Sunday, August 5, 2012
The "Holocaust": From History to Myth.
One need recall that the very defintion of historical revisionism is to revise, that is, to take a new, fresh look at established hstorical assumptions. There can be no doubt that the "Holocaust" (a word not even employed to describe the treatment of Jews in the Third Reich era in Europe until around 1970), or, more less politically correct and morally "charged," the treatment of Jews presents a dark picture in the dense panorama of policies undertaken to reorder Europe according to Third Reich policy before and during World War 2. Clearly, harsh treatment, labor camps, concentration camps, and the like, existed in one form or another. Clearly, also, some Jews perished in those penal or labor institutions, mostly via disease and poor treatment. Finally, some Jews were executed in venues outside the "camp" system. Many of them were anti-German partisans executed according to the rules of War. Many, also, were executed not by Germans but by their very own countrymen, as it ought be noted that anti-Jewish sentiments ran as a strong current of European cultural commonplaces long before the second quarter of the twentieth century, and, obviously, not merely in Germany. That being said, it cannot be denied that some form of "Holocaust" (and I here use the term as a convenience) did surely occur as I note above, in less direct terms. But, the revisionist must ask, in what form; where; how many "victms"; why, exactly? Are the accepted historical assumptions correct? That's all revisionism does.
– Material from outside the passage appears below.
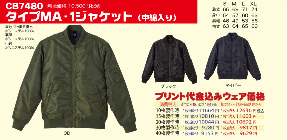 タイプMA-1ジャケット(中綿入り)

It does not take a political or moral stance and "deny." Denial is another issue entirely. It certainly does not engage, as the standard "wisdom" does, in creating a myth for the purpose of moral extortion to benefit the alleged victims or descendants of the myth. To do so is to throw history aside, dirty it and exploit its victims. That, in and of itself, is a crime against humanity, as it is a "rape" of the historical record. In the long-run, myth-history will cave in upon itself and do great harm to those who insist the "myth" is true, is fact, and helps them. That implosion, however, may take centuries. Correcting a perversion of history usually does.